REHABILITACIÓN DE EL MONASTERIO DE ELPAULAR

SITUACIÓN: Rascafría. Madrid
PROMOTOR: Ministerio de Cultura de la Comunidad de Madrid
FECHA: 2010, 2007, 2004, 2002, 2001
P.E.M.: 2.646.644€ (2010); 185.401€ (2007); 120.062€ (2004); 543.793€ (2002); 928.845€ (2001)

MEMORIA:
Se trata de una intervención continuada en la cartuja durante más de dos décadas.
En el año 1996 y tras un periodo de obras de emergencia, se redacta el Plan Director, que permitió la identificación, la definición del diagnóstico, estableció las estrategias desde un carácter integral y fijó prioridades de intervención.
Convencidos de que los planes directores inician su recorrido una vez redactados y de la conveniencia de que el equipo de arquitectos participe en su gestión, ha sido precisamente la gestión una de nuestras funciones básicas para recuperar el conjunto.
El propio plan definía la estructura de gestión a través de una comisión de seguimiento, que poco después condujo a la firma de un convenio de colaboración entre las tres Administraciones. El éxito reside en una gestión continuada y el sentido común.
Es un conjunto de una gran extensión y complejidad con problemas que afectan a su soporte físico, relativos fundamentalmente a filtraciones y humedades del subsuelo, otros no tan urgentes pero no por ello menos importantes, relacionados con su identidad o significación arquitectónica, y otros de uso, de carácter jurídico, normativo, etc.
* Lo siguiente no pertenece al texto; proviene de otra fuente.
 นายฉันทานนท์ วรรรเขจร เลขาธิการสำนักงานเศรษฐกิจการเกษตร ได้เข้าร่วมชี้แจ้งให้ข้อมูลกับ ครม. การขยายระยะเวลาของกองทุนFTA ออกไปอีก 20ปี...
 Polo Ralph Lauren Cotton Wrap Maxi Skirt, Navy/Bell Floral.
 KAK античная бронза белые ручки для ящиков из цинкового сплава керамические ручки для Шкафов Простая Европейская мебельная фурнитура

La identificación del conjunto ha sido una ardua labor de años casando los datos ofrecidos por las excavaciones arqueológicas con los de la investigación arqueológica de la arquitectura y con el análisis del Libro Becerro, que se conserva en el monasterio. El entendimiento del conjunto monacal, su tipología, sus sistemas y técnicas, su función, uso y significación, ha sido el soporte argumental de las propuestas restauratorias que pretenden enfatizar lo intrínseco frente a lo ajeno desde una perspectiva global, evitando personalismos.
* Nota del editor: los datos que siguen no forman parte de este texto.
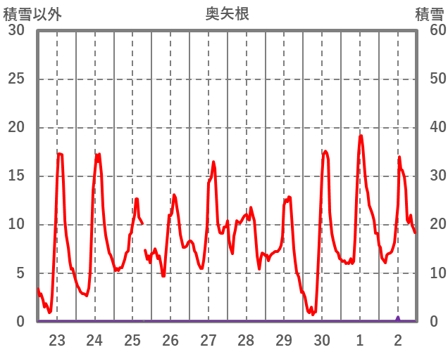 | 日 | 時 | 気温 | 降水 | 風向/風速 | 日照 | 積雪 | 降雪 |
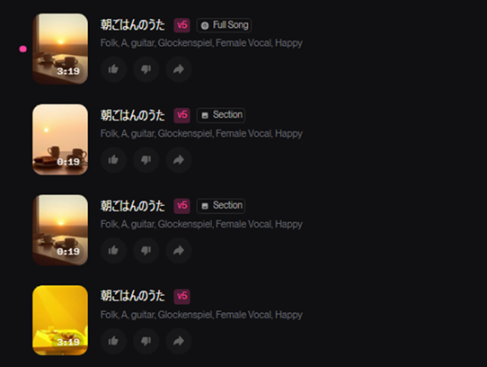 約20秒で、同じタイトルの曲が2曲生成 されます。
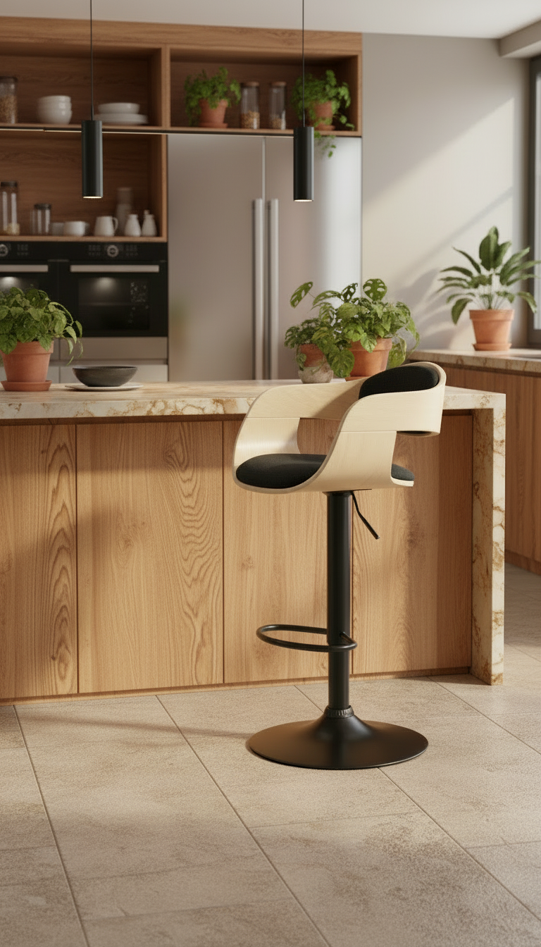 Maak kennis met deze unieke barkruk. Een mix van modern design, zitcomfort en functionaliteit. Of je nu een keukenbar, kookeiland of thuisbar hebt.

En este sentido la des-restauración cobra especial consideración, declarando la relativización de los criterios en relación a asuntos trascendentes como el concepto unitario de la obra, el tratamiento de lagunas, la conservación y la restauración, la conservación preventiva, el respeto a las técnicas históricas, etc., etc., y que se han visto revisados en la restauración del sagrario (F. H. Izquierdo), y otras obras.
Las paredes del Claustro y otros ámbitos fueron, por ejemplo desprovistas de sus revestimientos. No sabemos si esto obedece a un criterio estético o a que se desatendieron acciones prioritarias de restauración preventiva de eliminación de las afecciones debidas a las humedades del subsuelo, contra las que tanto hemos luchado.
Las últimas acciones pretenden alcanzar objetivos de recuperación del patrimonio mueble disperso, de revitalización, de dotación de nuevos usos culturales y ampliar la participación de la sociedad. La recuperación de las sillerías y la vuelta de la serie de 52 cuadros de gran formato, pintada por Vicente Carducho, es un ejemplo de la importancia que adquiere la gestión de la que nos consideramos partícipes, y que hoy presenta un panorama optimista en relación con su recuperación definitiva.